Super Bowl XLVII is the epitome of everything an NFL player strives for. It happens in the opening months of 2013 but it’s the culmination of an entire offseason and grueling season of competition, victory and defeat.
It’s the one chance some get to prove not only their individual worth, but also the value of their team and entire system. That’s why the top players of both the San Francisco 49ers and Baltimore Ravens are going to need to play at the top of their game on Super Bowl Sunday.
In all of this there are specific head-to-head matchups that will come into play when the game is decided on the field.
Let’s take a look at some of these key matchups and break down which key players from each team will need to bring their "A" game to New Orleans in order for their team to be crowned champions.

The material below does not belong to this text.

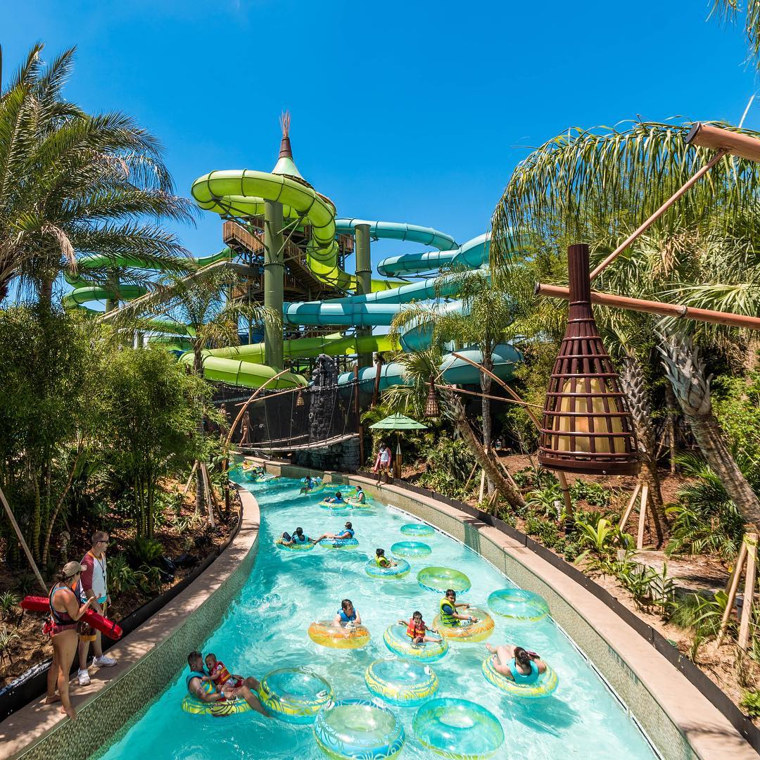 La laguna Puka Uli en Rainforest Village es un gran lugar para llevar a los niños, ya que la piscina de entrada cero es un gran lugar para que los más pequeños se relajen. Tot Tiki Reef en River Village tiene fuentes de agua rociada, toboganes y un volcán para niños pequeños, mientras que los niños de todas las edades pueden visitar Punga Races para montar mantarrayas a través de cuevas marinas submarinas.
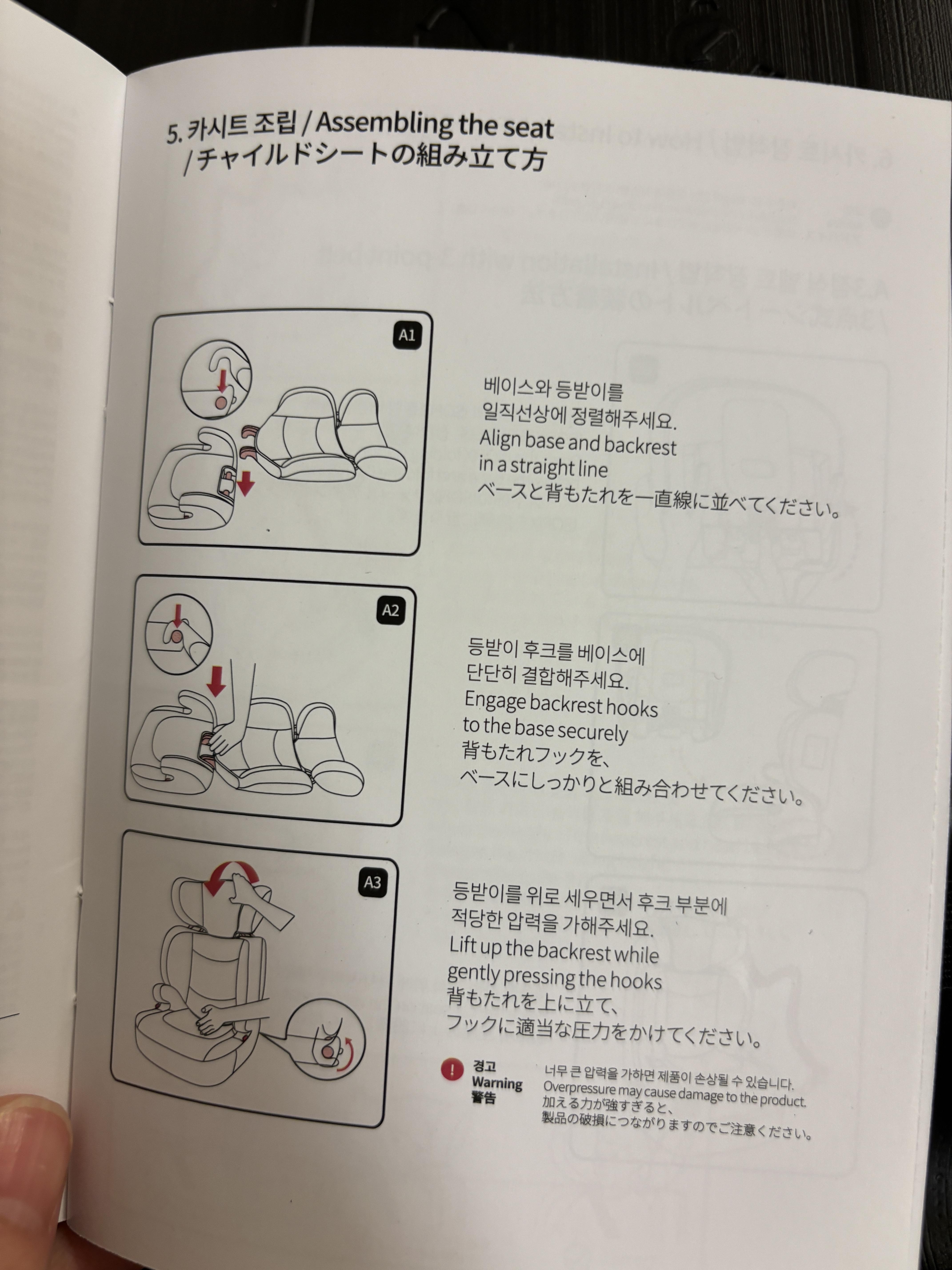 등받이와 부스터 시트를 결합하는 방법도 매뉴얼보면서 하니 엄청 쉽더라구요 🙂

Ray Rice, RB vs. Patrick Willis, LB
Baltimore’s offense is no longer dependent on the success and failure of running back Ray Rice. But, that doesn’t mean the team is not going to need to lean on Rice throughout the game in order to pick up key conversions and keep San Francisco honest defensively.
Joe Flacco has been remarkable in guiding his team to the Super Bowl, but he will not be able to beat the 49ers defense on his own. This is not the New England unit that allowed him to walk all over them in the second half of the AFC Championship Game. It’s a hard-nosed, no-nonsense group that will get after the quarterback if the Ravens abandon the run.
That makes Patrick Willis, the Niners' middle linebacker and leading tackler, the biggest key to their defensive success against the Ravens. The game plan should read: Stop Ray Rice and force Flacco to withstand the pressure and outscore your offense that has been rolling as of late.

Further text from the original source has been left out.